Ayakkabı sevmeyen kadın bilmiyorum ben,kanımızda var! Benimki hala makul ölçülerde ama biliyorsun ayakkabılara odalar ayıran hanımlar da var :)

*Celerone gülüm,
Bazen öyle bir tuhafiyeci hayal ediyorum ben. Bebek hırkaları ören kadınceğizlerin gelip mavi ördek şeklinde plastik düğmeler falan beğendiği. Kurdele ölçüp kesmek geliyor içimden, tuhafiyeciler kafamda hep sevimli bir yerdeler ne garip...
Sana da ferahlıklar, bak yağmur yağıyor, güzel bir akşam olacak bugün, hem de serin.

*Merhaba Ece,
Karşılaşırız umarım bir gün, bir kahve molası verip birbirimize aldıklarımızı gösteririz. Nerede ne ucuz, sen bana sor ;)

Bir Derin Masalı dedi ki...

Sevgili Margotto, bence kadınlar içlerindeki kırılganlığı ve nezaketi aktarabilmek için diğer eşyalara göre daha zarif olan ayakkabıları seçiyorlar.İfade biçimi yani... Sen yine de arada sırada şımart kendini.
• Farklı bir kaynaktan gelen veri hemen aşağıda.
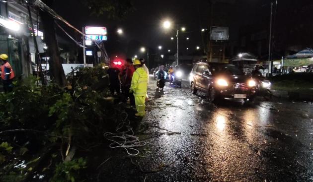 Hingga malam, petugas BPBD, PLN, dan kepolisian masih berjibaku membersihkan sisa pohon roboh.
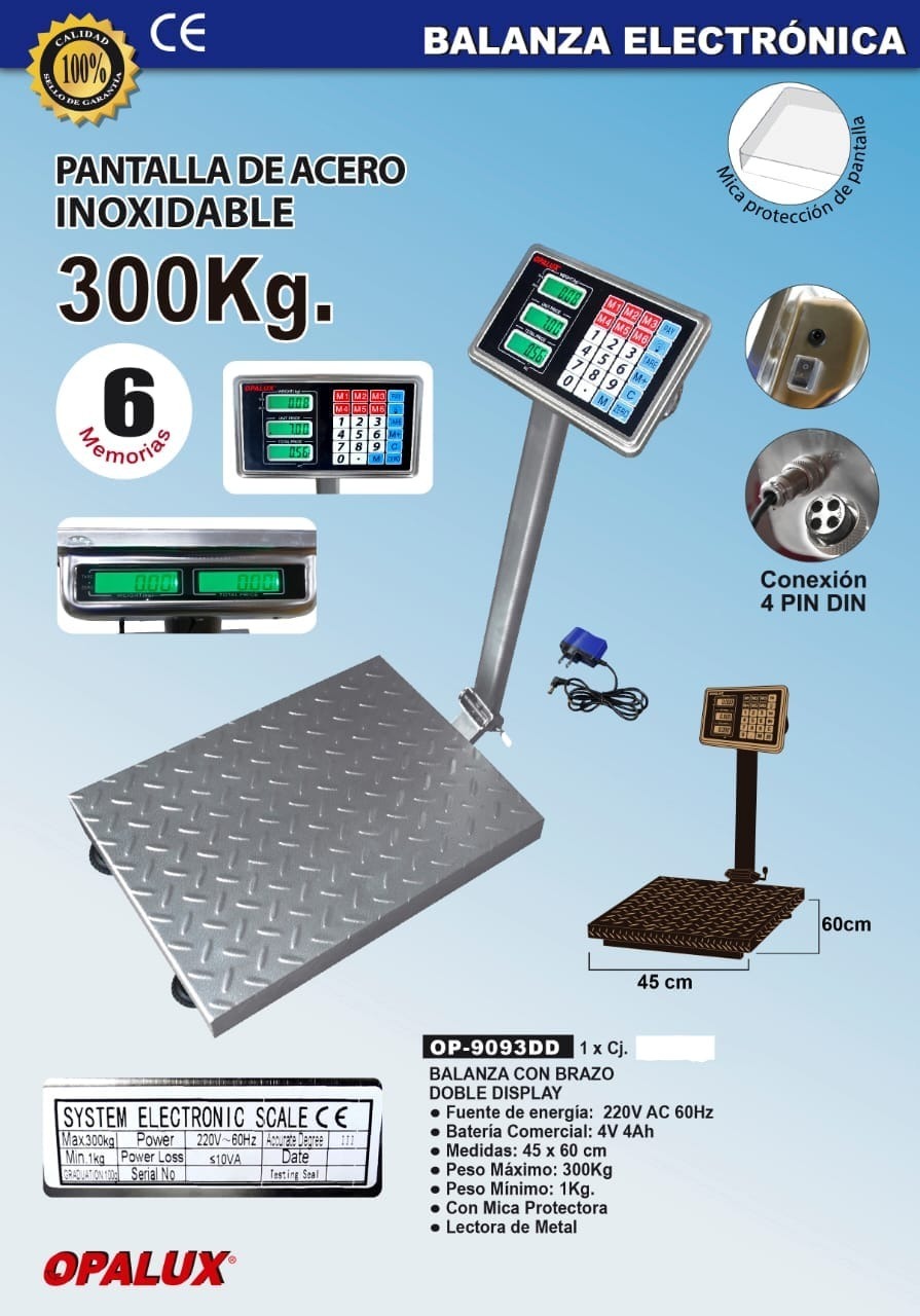BALANZA 300 KG OPALUX PANTALLA DE ACERO INOXIDABLE
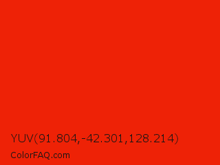 YUV 91.804,-42.301,128.214 Color is a normal red color and the nearest color is Scarlet #ff2400. Hex code #ee2206 and RGB value is rgb(238,34,6). In RGB color space, this color is composed of 93% red, 13% green, 2% blue, In CMYK color space, this color is composed of 0% cyan, 86% magenta, 97% yellow , 7% black , In HSL color space, this color has a hue angle of 7° , 95% saturation and 48% lightness.
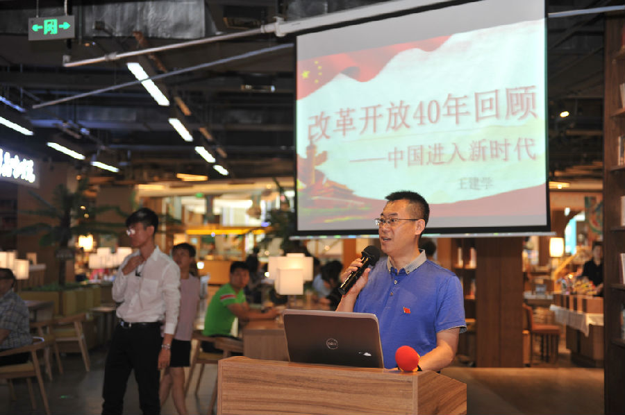 公司特邀省委党校王建学教授以“喜迎建党九十七周年、改革开放四十年”为主题,围绕改革开放四十年来艰辛路程、重大决策、 改革开放迈入新时代、社会主义制度的完善和发展、巨国效应等内容与全体师生共同深入学习了习近平新时代中国特色社会主义新思想。
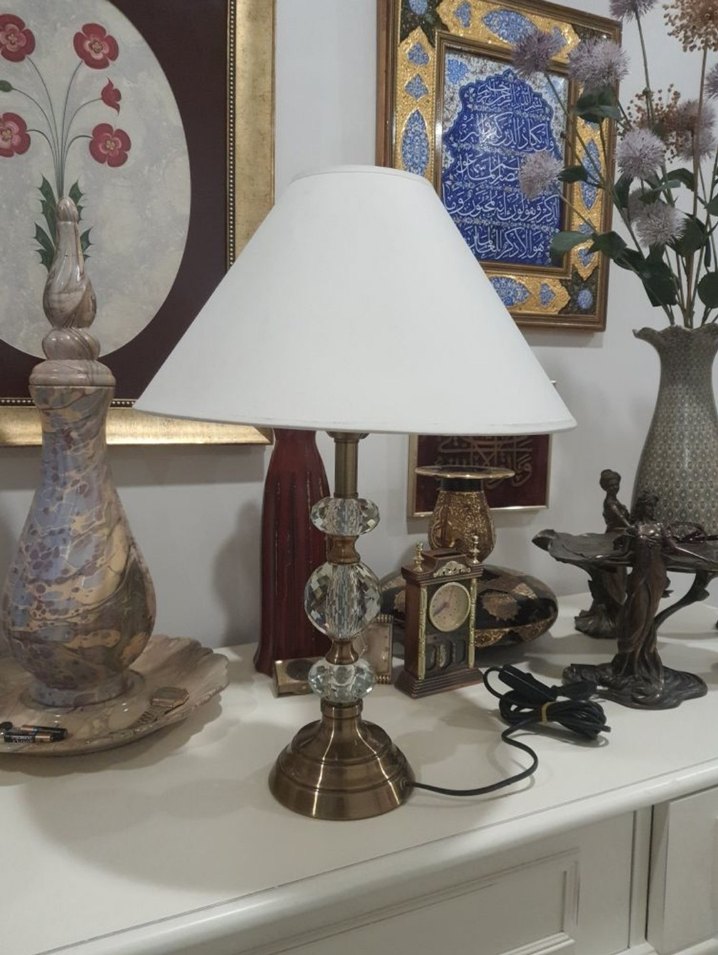 Metal Kristal Göbekli Abajurdur.İhtiyaç fazlası abajur satılıktır. Taksim Şishaneden alınmıştı. Son derece kaliteli ve temiz durumdadır. Ölçüleri yükseklik 50 cm, sapka capı kargo tarafıma ait olduğundan ve yüksek tuttuğundan indirim talep etmeyiniz.beylikduzueldenteslim.
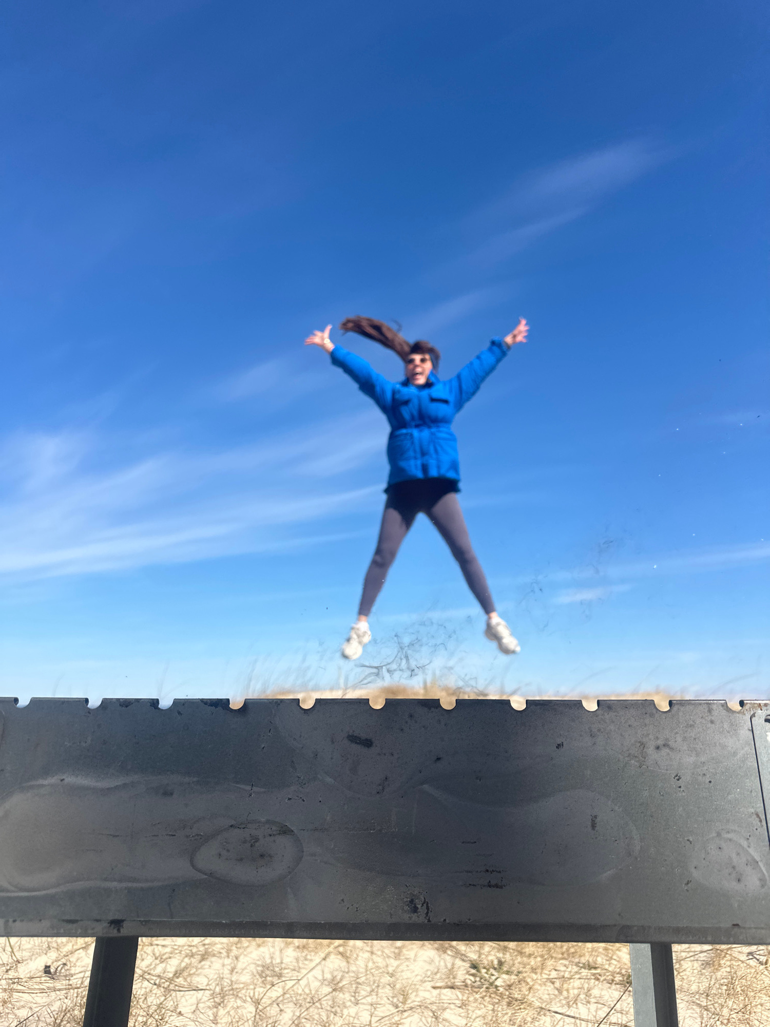 A woman wearing a blue jacket and grey pants is lying horizontally on a glass surface, arms and legs outstretched. Above her is a blue sky with white clouds. To the right of the glass surface is a dar…read more

Kendini şımartmaktan korkarsan eğer sevdiklerini de şımartamazsın. Herkes gibi içindeki çocukta şımarmak istiyor işte... Öptüm. Kendine iyi bak:)

Adsız dedi ki...

Ayakkabı ve baharın kışla yaz arasındaki sıkışmış hissine dair bir hikayem var..İstanbula şimdi 1,5 ama o zamanlar 3 saat uzaklıktaki bir kentte yaşan bir kız olan ben güne harika başlamıştım.Çünkü yeni spor ayakkabılarımı giyecektim okula giderken..harika!!harika!!Ama annem giyme bak yağmur yağıyor dedi..Nisandı..Banane giyecem dedim.Ağladım..İyi giy dedi..Giydim ve okula doğru koşmaya başladım..Ahmak ıslatan yağmur nedeniyle gıcır ayakkabıların bir kaydı,bir düştüm..Dizlerim kanadı ama bir de ne göreyim,ayakkabımın burnu yırtılmış..Korkunçu benim için..Daha okula gidip arkadaşlarıma hava bile atamamıştım..Bunu hatırladım işte..

Margot dedi ki...

Merhaba Hande,
Makul miktarlarda şımartıyor ve şımarıyorum zaten. Alacağım bir kırmızı bale pabucu zaten, benden kıymetli mi canım? :)

Merhaba Gözde,
İçine oturmuştur. Annelerin dediği de hep olur değil mi? Özellikle sözünü dinlemediğiniz zaman!

Adsız dedi ki...

"deli tüketici kadın, olanları giysene, aç gözlü ayakkabı budalası!"

nerden bildin margot? benim o kadin iste. ama almadim gecen ay ayakkabi gercekten. tamam, dun o begendigim terlikleri yerinden alip kucuk numaralarin arasina sakladim ama almadim. henuz.